Maternal Exercise Shift Pattern of Steatosis in Offspring
To evaluate whether maternal exercise had an effect on the development of NAFLD in offspring, male offspring from each group were weaned on to the HFFC diet for 7 weeks to induce hepatic steatosis, inflammation, and fibrosis. Body weight, liver weight, and liver weight to body weight ratio were similar across all 4 groups after HFFC feeding (Fig. 2A-2C). Serum TG levels were not different between groups (Fig. 2D). Histology showed shifts in the appearance of steatosis between groups. HFFC-sedentary offspring exhibited more severe steatosis than CON-sedentary offspring (Fig. 2E and 2H). This was associated with increased levels of hepatic TG in HFFC-sedentary compared with CON-sedentary (Fig. 2F). Levels of hepatic TG were not decreased in HFFC-active offspring compared with HFFC-sedentary offspring, but the pattern of steatosis was shifted. HFFC-sedentary offspring develop large droplet macrovesicular steatosis, while HFFC-active offspring developed either small droplet macrovesicular or microvesicular steatosis (Fig. 2E, microvesicular shown in inset). Gene expression analysis for genes involved in lipid metabolism identified several that were affected by maternal diet and exercise. Hepatic expression of Srebf1 was significantly increased in CON-active offspring compared with CON-sedentary and HFFC-sedentary offspring and significantly increased in HFFC-active offspring compared with CON-sedentary (Fig. 2G). There was also a trend toward an increase in HFFC-active (P = .0646). Expression of Pdk4 was increased in HFFC-active offspring compared with HFFC-sedentary offspring (Fig. 2G). To support histology findings, NAFLD scoring for steatosis was performed by a pathologist and showed increased frequency of higher steatosis scores in HFFC-sedentary offspring with mostly steatosis scores of 0 and 1 in each of the other groups (Fig. 2H).

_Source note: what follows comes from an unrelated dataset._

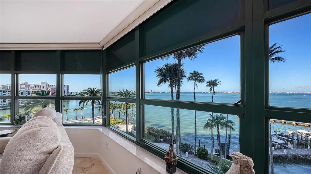 EXPERIENCE REMARKABLE DOWNTOWN SARASOTA LIVING AT IT'S BEST! Spectacular unobstructed views of the Gulf and Sarasota Bay from every room in this spacious 2 bedroom 2 bath, 6th floor condo. Light and bright with an open floor plan which is great for entertaining and a balcony to enjoy the beautiful blue skies, water and colorful sunsets. The kitchen has wood cabinets, granite counters, stainless appliances and great views The primary bedroom has a walk in closet and private balcony where you can enjoy morning coffee. The ensuite bath has dual sinks, lots of storage and a walk in shower. The guest bedroom is a generous size and there is a second full bath with tub and shower. Separate storage area on the 1st floor and community mail area. Concierge Service, Parking garage, EV station, Security Gatehouse 24 hours & Night Security. Enjoy the resort style pools, tennis courts, pickleball courts, newly refinished fitness center, sauna and private marina with boat slips. There is a social club room and library. This location is fabulous, very close to the Van Wetzel live theater as well as other theaters and the Sarasota Orchestra. There is a variety of fine dining restaurants for everyone, festivals and wonderful music and a farmers market. A short walk to Bay Front Park or a short drive to St. Armands circle with upscale shops, restaurants and beautiful Lido Beach.

Maternal exercise shifts hepatic lipid metabolism in male offspring. (A) Body weights (BW) of male offspring weaned to HFFC diet. (B) Liver weights of male offspring weaned to HFFC diet. (C) LW/BW ratio of offspring weaned to HFFC diet. (D) Levels of serum TGs from male offspring weaned to HFFC. (E) Representative photomicrographs of H&E staining for offspring weaned to HFFC diet (10 × objective on top, 20 × objective on bottom, inset image is at 40 × objective). (F) Hepatic triglyceride levels in offspring weaned to HFFC diet. (G) Relative expression of genes involved in lipid metabolism in liver of offspring weaned to HFFC. (H) Distribution of steatosis score among offspring in each group. (I) Distribution of inflammation score in each group. (J) Distribution of total NAS in each group. (K) Distribution of fibrosis score in each group. Quantitative data presented as mean (±SD) with n ≥ 6 in each group and ≥5 separate litters represented in each group. P values indicated on graph.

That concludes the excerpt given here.